Enfin, le marché du livre numérique est différent. Les œuvres proviennent en grande partie des éditeurs français qui fixent le prix de vente. Certains peinent à répercuter le taux de change. C’est le cas de Hachette dont le dernier best-seller de J.K. Rowling, «Une place à prendre», revient 16% plus cher en Suisse qu’en France. D’autres maisons d’édition jouent davantage le jeu. Une des meilleures ventes de la rentrée littéraire, «Home», de Toni Morrison, chez Bourgois, est par exemple disponible pour 15.70 fr. en Suisse et 15.50 fr. en France.
Loïc Delacour
CE QUE DIT LA LOI
Passer par les sites d’e-commerce étrangers
Puisque les prix sont plus avantageux sur certains sites web étrangers, pourquoi ne pas s’y fournir directement? L’affirmative semble aller de soi. Tel n’est pourtant pas le cas. En effet, les commerçants en ligne ont élevé plusieurs barrières techniques pour bloquer l’accès à leurs services depuis l’étranger. Pour géolocaliser l’internaute, leurs services se basent sur deux critères: l’adresse IP de l’ordinateur, comparable à une carte de visite laissée en chemin, et le compte bancaire de l’utilisateur.
Pour déjouer ces obstacles, il faut d’abord se procurer une carte de crédit auprès d’un établissement voisin, ce qui est possible même sans adresse en France. Puis, plus compliqué, transiter par un serveur tiers, souvent payant, afin de masquer son adresse IP.

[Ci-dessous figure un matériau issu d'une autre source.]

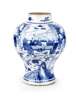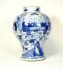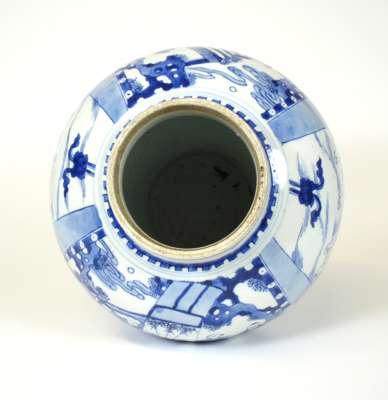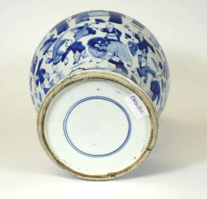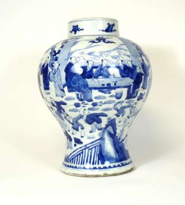 of baluster form, decorated with figures and boys in an interior, double blue concentric ring marks to base

Reste, la question de la légalité de telles démarches, puisque la plupart des conditions générales de vente précisent clairement que le client doit être domicilié dans le même pays que le vendeur. Passer à l’achat malgré tout est donc une violation du contrat. En règle générale, cela ne va guère plus loin, car, une fois le paiement effectué et le bien téléchargé, les deux parties sont satisfaites.